After graduating with a major in psychology and minor in ecology in 1996, Pepper built up a machine shop while competing in the ‘96 and 2000 Olympic trials. Several years later, he returned for a master’s in applied ecology working on large mammal wildlife management jumping out of helicopters tackling deer, bighorn sheep and coyotes to install tracking collars. After taking jobs on islands like the Turks and Caicos Islands and Papua New Guinea, and spending time traveling the world with a camera and a backpack while selling stories to magazines, he received a phone call that would change his life.

Journey of 30,000 miles

person on a motorcycle driving through a road with ice
Pepper trying to escape freezing conditions in southern Patagonia.

His former professor needed “someone as dumb and as crazy as me” to try and get a sand sample from every river in the world by swimming, hiking, biking, motorcycling and sailing.

Pepper replied, “Are you kidding? That’s a dream!”

That’s when the pair mapped out a project and a 15 year plan, and chose to start in South America. He modified an old motorcycle in his shop for transportation for the seven months-long, 30,000-mile journey. Most of the trip played out like a season of the TV series Survivor. Things almost never went as planned, living through near-death experiences multiple times.

person standing next to a motorcycle
Pepper standing next to his motorcycle during his journey across South America.

“There were five times that I should’ve died. But there were a lot of other times, like in central Argentina during the wet season where I was soaked for two months straight and I just got comfortable with shivering and freezing,” Pepper said.

He said that he should have frozen to death during that blizzard story he told the engineering students. He was almost taken hostage, had guns or machetes held to his throat and was run off the road daily, and almost collided with two semi trucks coming head on. Pepper called his parents occasionally using a satellite phone to update them—well, mostly to say that he was still alive and tell his dad about the latest harrowing tale.
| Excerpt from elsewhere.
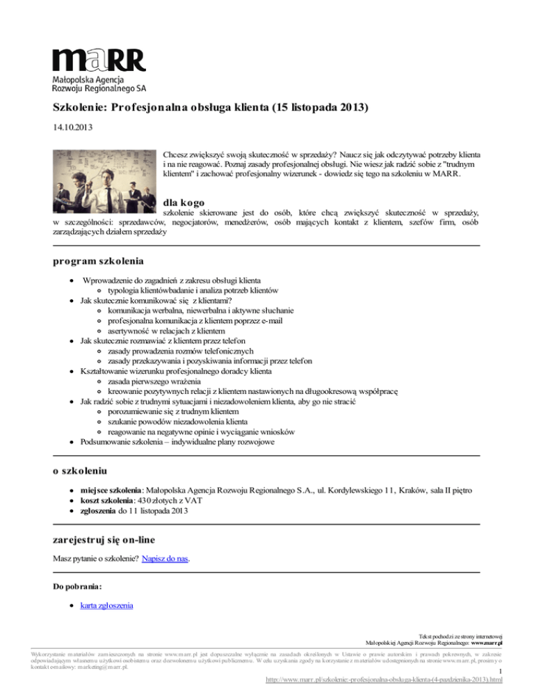 Szkolenie: Profesjonalna obsługa klienta (15 listopada 2013) 14.10.2013 Chcesz zwiększyć swoją skuteczność w sprzedaży? Naucz się jak odczytywać potrzeby klienta i na nie reagować. Poznaj zasady profesjonalnej obsługi. Nie wiesz jak radzić sobie z "trudnym klientem" i zachować profesjonalny wizerunek - dowiedz się tego na szkoleniu w MARR. dla kogo szkolenie skierowane jest do osób, które chcą zwiększyć skuteczność w sprzedaży, w szczególności: sprzedawców, negocjatorów, menedżerów, osób mających kontakt z klientem, szefów firm, osób zarządzających działem sprzedaży program szkolenia Wprowadzenie do zagadnień z zakresu obsługi klienta typologia klientówbadanie i analiza potrzeb klientów Jak skutecznie komunikować się z klientami? komunikacja werbalna, niewerbalna i aktywne słuchanie profesjonalna komunikacja z klientem poprzez e-mail asertywność w relacjach z klientem Jak skutecznie rozmawiać z klientem przez telefon zasady prowadzenia rozmów telefonicznych zasady przekazywania i pozyskiwania informacji przez telefon Kształtowanie wizerunku profesjonalnego doradcy klienta zasada pierwszego wrażenia kreowanie pozytywnych relacji z klientem nastawionych na długookresową współpracę Jak radzić sobie z trudnymi sytuacjami i niezadowoleniem klienta, aby go nie stracić porozumiewanie się z trudnym klientem szukanie powodów niezadowolenia klienta reagowanie na negatywne opinie i wyciąganie wniosków Podsumowanie szkolenia – indywidualne plany rozwojowe o szkoleniu miejsce szkolenia: Małopolska Agencja Rozwoju Regionalnego S.A., ul. Kordylewskiego 11, Kraków, sala II piętro koszt szkolenia: 430 złotych z VAT zgłoszenia do 11 listopada 2013 zarejestruj się on-line Masz pytanie o szkolenie? Napisz do nas. Do pobrania: karta zgłoszenia Tekst pochodzi ze strony internetowej Małopolskiej Agencji Rozwoju Regionalnego: www.marr.pl Wykorzystanie m ateriałów zam ieszczonych na stronie www.m arr.pl jest dopuszczalne wyłącznie na zasadach określonych w Ustawie o prawie autorskim i prawach pokrewnych, w zakresie odpowiadającym własnem u użytkowi osobistem u oraz dozwolonem u użytkowi publicznem u. W celu uzyskania zgody na korzystanie z m ateriałów udostępnionych na stronie www.m arr.pl, prosim y o kontakt e-m ailowy: m arketing@m arr.pl. 1 http://www.marr.pl/szkolenie:-profesjonalna-obsluga-klienta-(4-pazdzienika-2013).html

After seven months collecting samples, Pepper had tons of data. He decided to forgo visiting the other six continents, and instead, hit the books again to complete a PhD.

TV personality

person in an airplane
Pepper flies an ultralight aircraft over the Arizona desert.

After graduating with a PhD in geochemistry, Pepper taught some college courses while also trying to make it big as a TV personality. In total, Pepper said he has done about 30 shows on about eight series, everything from blowing things up on Mythbusters to geology shows. Earlier this year, he was featured in a History Channel show called History’s Greatest Mysteries with Lawrence Fishburne.

Journey to Mānoa

Pepper came to UH Mānoa from the University of Arizona, where he worked as geochemistry lab manager for Arizona LaserChron, an instructor for geosciences and a videographer for UA Communications and Marketing. He and his family made the journey to the islands because his wife, who is from Tokyo, wanted to be closer to her family and have their kids experience the aloha ʻāina spirit.
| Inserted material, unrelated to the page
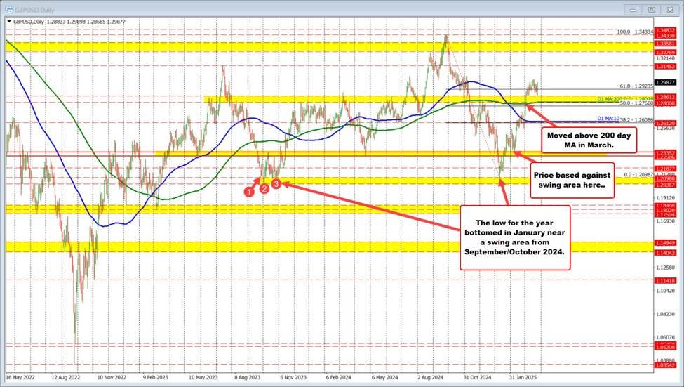 Zooming into the hourly chart, early-day price action saw a bounce in GBPUSD following the Trump tariff news, which triggered a wave of buying. The initial move higher tested the 100-hour moving average near 1.2922 (blue line on the chart), where sellers initially leaned in. However, the downside was limited, and once the price broke above the 100-hour MA, bullish momentum carried it through the 200-hour MA as well.
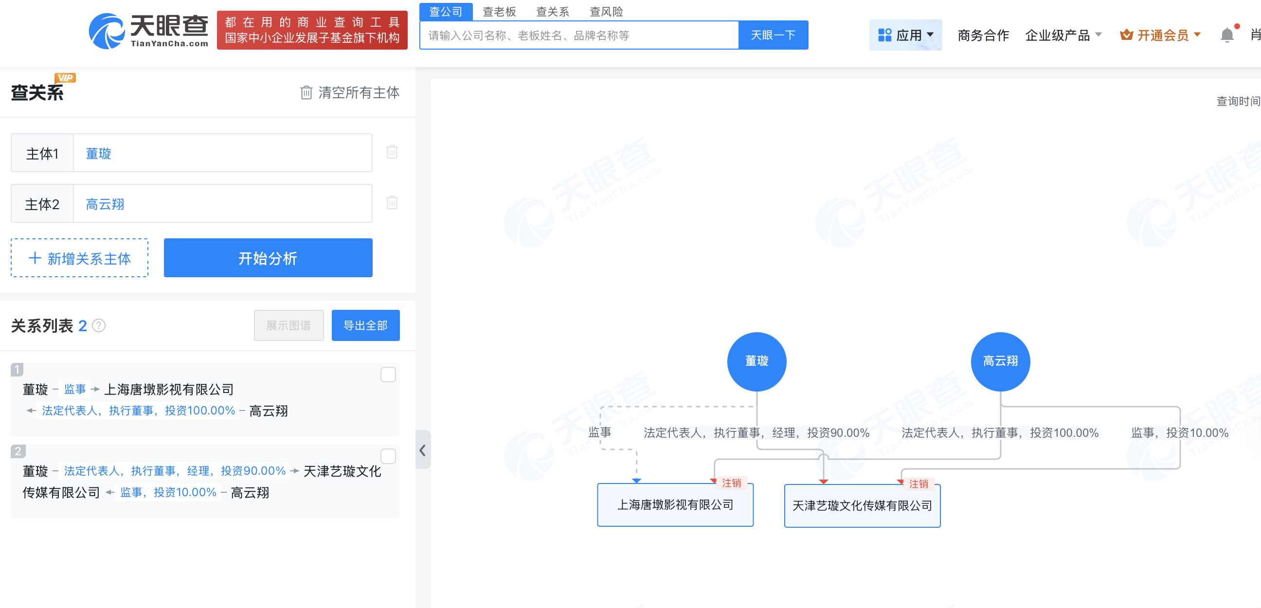 天眼查查关系信息显示,董璇与高云翔曾共同关联的2家公司均已注销,分别是上海唐墩影视有限公司、天津艺璇文化传媒有限公司。

“It’s been awesome. The engineering college has been great with how everybody chips in to do what is needed,” Pepper said. “I’ve been really fortunate to not only have this job, but have the engineering ʻohana to support me.”

Kimberly Perez Hults, the college’s director of marketing and outreach relations said, “I was intrigued to learn about Dr. Pepper’s diverse and exciting background and knew he’d fit right in with our eclectic team at the College of Engineering. It’s been such a pleasure working with Marty and I know we’ve only just scratched the surface of utilizing his talents as a scientist, researcher, educator, motivational speaker and resident daredevil!”

—By Marc Arakaki

person working on his motorcycle
Pepper tending to his motorcycle on the side of the road.